* [WHAT TO DO]: Any picture in the data below should be skipped, while every line is repeated exactly.

* [DATA SHOWN]:

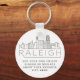 Uma cadeia-chave única que representa a bela cidade de Raleigh, NC. Este chaveiro apresenta uma ilustração estilizada do horizonte único da cidade com seu nome embaixo. Por baixo do nome da cidade está um lugar para o seu slogan ou afirmação exclusivo sobre a sua cidade favorita.
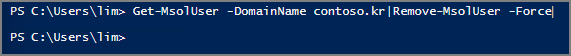 Get-MsolUser -DomainName contoso.kr|Remove-MsolUser -Force
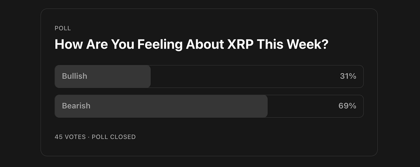 ✅ 69% of you were Bearish and from last week to today XRP is down ~1%.

* [EXERCISE OUTPUT]:
 Uma cadeia-chave única que representa a bela cidade de Raleigh, NC. Este chaveiro apresenta uma ilustração estilizada do horizonte único da cidade com seu nome embaixo. Por baixo do nome da cidade está um lugar para o seu slogan ou afirmação exclusivo sobre a sua cidade favorita.
 Get-MsolUser -DomainName contoso.kr|Remove-MsolUser -Force
 ✅ 69% of you were Bearish and from last week to today XRP is down ~1%.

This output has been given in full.